Differential diagnosis
- Primary bone lymphoma
- Ewing sarcoma
- Metastatic disease
- Secondary osseous lymphoma
- Osteomyelitis
鉴别诊断:
- 原发性骨淋巴瘤
- 尤文氏肉瘤
- 转移瘤
- 继发性骨淋巴瘤
- 骨髓炎
Diagnosis: Primary non-Hodgkin\’s lymphoma of the bone, diffuse large B-cell type
最后诊断:骨原发性非霍奇金淋巴瘤(弥漫大B细胞型)
Key points
Primary bone lymphoma
原发性骨淋巴瘤
Pathophysiology
- Primary bone lymphoma is an extranodal lymphoma that arises from the medullary cavity.
- The cause is unknown. Possible causes that have been suggested include inherited factors, immunodeficiency, viral infection, organ transplantation, and Paget’s disease of the bone.
- Majority of cases are non-Hodgkin\’s lymphoma of B-cell origin.
病理生理学
- 原发性骨淋巴瘤是起源于髓腔的结外淋巴瘤。
- 病因不明,已经提出的可能性病因包括遗传因素,免疫缺陷,病毒感染,器官移植和骨佩吉特病。
- 多数病例是B细胞来源的非霍奇金淋巴瘤(NHL)。
Epidemiology
- It is a rare condition.
- It comprises 3% of primary malignant bone tumors and 1% of all malignant lymphomas.
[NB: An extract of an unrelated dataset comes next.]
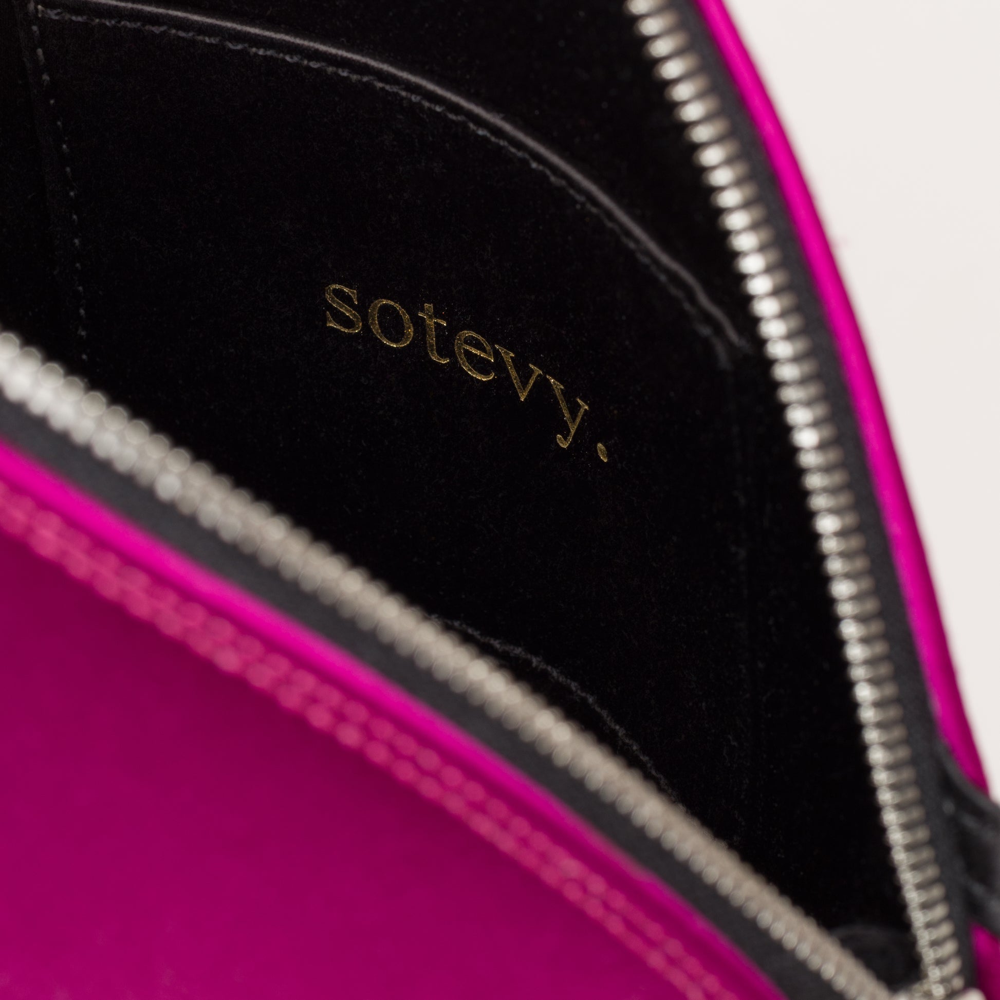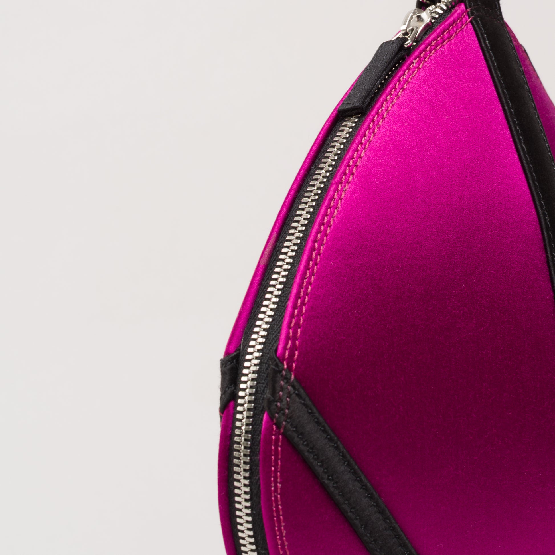 The Lily handbag is a statement of timeless elegance, crafted with meticulous attention to detail. Adorned with contrasted black and fuchsia satin cutouts, it is finished with an exquisite tassel for a touch of sophistication. Its graceful oval silhouette opens seamlessly with dual zippers, unveiling an interior that offers just the right amount of space for your phone, cards, and other daily essentials. The handle wraps comfortably around your wrist, giving you the freedom to move effortlessly while adding a chic flair to any outfit. Perfect for day-to-night transitions, the Lily handbag is the ultimate blend of style and functionality.

- It occurs in a broad age range of patients with the majority of cases in patients older than 45 years old.
- There is a slight male predominance (male-to-female ratio: 1.8:1.2).
- Favors long bones with persistent bone marrow: The femur is the most affected site (50%). The pelvis is the second most common site (20%).
流行病学
- 是一种罕见病;
- 占原发恶性骨肿瘤的3%,占所有恶性淋巴瘤的1%;
- 发病年龄较广,大部分见于45岁以上的患者;
- 男性略占优势(男女比例为1.8:1.2)。
- 主要累及长骨骨髓:股骨是最常见的部位(50%),骨盆是第二常见的部位(20%)。
Clinical presentation
- Common presentation symptoms include local bone pain (insidious and intermittent that may persist for months), soft-tissue swelling, mass, pathologic fracture, or hypercalcemic crisis.
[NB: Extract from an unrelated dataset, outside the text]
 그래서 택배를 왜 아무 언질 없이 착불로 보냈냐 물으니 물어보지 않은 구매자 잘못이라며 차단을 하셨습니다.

- Classic B symptoms are rare.
- Diagnosis implies the absence of nodal or disseminated disease.
临床表现
- 常见症状包括局部骨痛(隐匿性和间歇性,可能持续数月),软组织肿胀,肿块,病理性骨折或高钙血症危象;
- 经典B症状很少见;
- 原发性的诊断意味着没有淋巴结或播散性疾病。
Imaging features
Radiographs — variable appearance:
- Near-normal
- Focal lytic lesion with geographic margins
- Mixed lytic-sclerotic lesion
- Permeative process with cortical destruction and soft-tissue extension
MRI:
- Low signal on T1-weighted imaging
- High signal on T2-weighted imaging — Regions of fibrosis will have low T2 signal.
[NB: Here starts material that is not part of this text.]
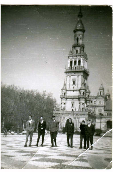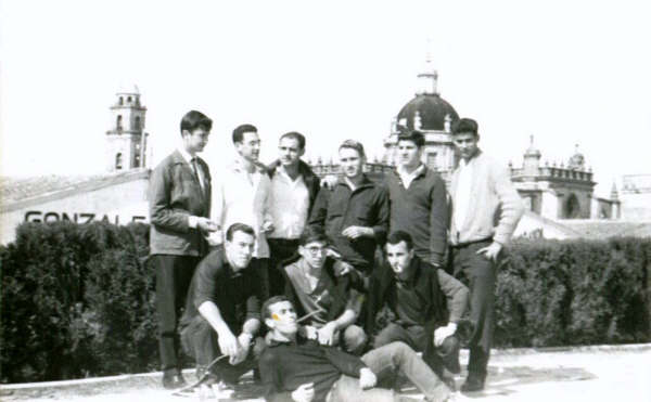 Los compañeros de la primera habitación: Herreros, Allende, Herrero, Rafa Gutierrez Díaz, González Lillo, Mariano Ibañez y yo. |

- Regions of enhancement on postcontrast imaging
- Bone marrow
- Soft-tissue involvement — Often seen with lesions that demonstrate a permeative pattern on radiographs.
- Cortical erosion
Bone scan:
- 98% demonstrate increased radiotracer uptake.
- Useful for staging.
影像表现:
平片(表现不一):
- 接近正常;
- 局灶性溶骨性病变,“地图样”边缘;
- 溶骨-硬化混合性病变;
- 浸润性病变并骨皮质破坏和软组织肿胀。
MRI:
- T1WI低信号;
- T2WI高信号,局部纤维成分可表现为低信号;
- 增强后局部有强化;
- 发生在骨髓内;
- 软组织受累;
- 骨皮质破坏。
骨扫描:
- 98%表现为放射性示踪剂摄取增加;
- 可用于分期。
Treatment
- There is no standard consensus on a therapy regimen.
- Treatment is predominantly with chemotherapy, radiotherapy, or a combination of chemotherapy followed by adjuvant radiation therapy.
- Studies have shown improved survival with a combination chemotherapy and radiation therapy compared with chemotherapy or radiation therapy alone.
治疗:
- 治疗方案没有标准共识;
- 治疗方法主要是化疗,放疗或化疗联合辅助放疗;
- 研究表明,联合化疗和放射治疗与单独化疗或放疗相比,生存率有所提高。